There is a lot a interest and conversation within the agricultural community about farmers talking to customers. There are commonly calls for farmers to step up and educate the public about food and issues that face farmers. That’s one of the primary reasons I’m writing this blog, and has been discussed in some of my past entries.   So my ears perk up anytime I hear about local farmers in the local media or participating in public events such as fairs, parades and open houses. So yesterday when my mom told me that my Uncle had written a letter to the editor in the local paper I instantly tried to find it online, with no luck, so I got her to send it to me.

Food crisis not a simple issue
To the editor
Re: Food Crisis here before Bio-fuels
In the Feb. 11 article “State of Their Union”, Mike O’Leary refers to the US Government’s support of bio-fuels – “Even though they have caused a food crisis world-wide.” Like many others, I had the initial reaction of how foolish, if not immoral it is, to divert food from starving people, in order to fuel our North American automobiles.

If only it were so simple!

I believe that the World Food Crisis, O’Leary is referring to is the dramatic (but also short lived) run-up in com, soybean and wheat futures, which occurred, in early 2008. The phenomenal increase in commodity prices had farmers dreaming of riches, but in fact had very little to do with what farmers received or what end users were willing to pay for crops. At that time the number of futures contracts held by investors outside of Agriculture skyrocketed. Enormous sums of money now betrayed by hi-tech stocks and then fearful of the housing market, moved to buy commodity contracts such as gold, oil, corn, wheat and soybean. At the same time world wheat reserves reached I record lows due to drought in Australia and a crop failure in much of central Europe. While the nightly newscast reported the dramatic increase in the cost of wheat, the simplistic view emerged that ethanol made from grain must be the villain. In fact, in North America our ethanol plants are fuelled primarily by com, not food grade wheat.

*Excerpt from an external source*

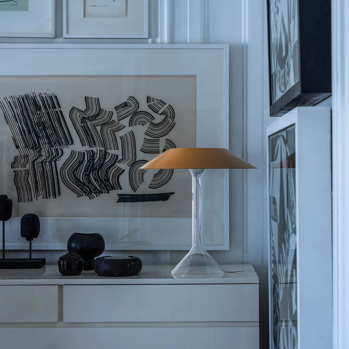 Die Chapeaux Metallo Tavolo von Foscarini, entworfen von Rodolfo Dordoni, ist eine stilvolle Beleuchtungslösung, die moderne Eleganz mit einem wohnlichen Licht vereint und so jedem Raum eine besondere Note verleiht. Die Tischleuchte besteht aus einem Diffusor aus lackiertem Stahl und einem zylindrischen Fuß aus Borosilikatglas, der an beiden Enden offen ist. Sie erzeugt ein angenehm warmes und weich gestreutes Licht – ideal zur Akzentuierung von Sideboards, Kommoden und Schreibtischen.

In my view the real crisis is the disparity of income throughout the world, not a lack of grains. We Canadian taxpayers recognize the need to provide aid when needed, be it a refuge camp in Ethiopia or to an unemployed family in our own community. In doing so, let us recognize that the root of the problem is the lack of the ability to earn an adequate income, rather than imagining a world food shortage because we are using crops to make
fuels. I don’t pretend to know how to solve starvation in much of our world. We, as North American farmers would like to be part of the solution. However, we cannot continue to produce surplus commodities, be it corn, wheat, beef or pork, only to dump it onto a world market, with returns less that our costs of production. While crop shortages may make news they are short lived, while grain surpluses last for years. Our productive capacity in North and South America and most of Europe is enormous. The wheat shortage of 18months ago is gone. At present the North American  year-ending stocks for wheat is projected to be a whopping 40 per cent of annual usage. Today, Ontario produces three time the amount of soft wheats, which we can use. The rest has to find a market somewhere else in the world (ie. Egypt) where we must match the lowest price in the world.

In other industries if there is a surplus, industry reacts by closing factories and reducing supply. In Agriculture when we, as individual farmers, see a decline in prices we react by saying, “Well in order to pay our bills we must produce more.” Rather than asking Government (taxpayers) to subsidize Agricultural exports, only to compete against the primary producers in impoverished nations, we are actively seeking new industrial markets for our products. The soy house now being completed here in Acton is an example of the innovative work being done. We are manufacturing superior, environmentally friendly products made from agricultural crops. Only through such innovation and diversification can North American farmers continue to be economically viable. The truth is, producing food alone does not pay very well! The use of agricultural land to produce non-food crops in not new. In the southern United States cotton has always been a major crop grown on nearly ten million acres. I’m told that prior to 1950over 15percent of all cropland was used to grow “fuel” for horses just to power farm implements.

We read so many articles, which find fault with whatever new energy source is proposed.  Let us recognize the positive impact of renewable, clean, and affordable. Made in Canada bio-fuels.

Keith Aitken

I think its a good example of what more farmers need to be doing, starting a conversation about farmers at the dinner table.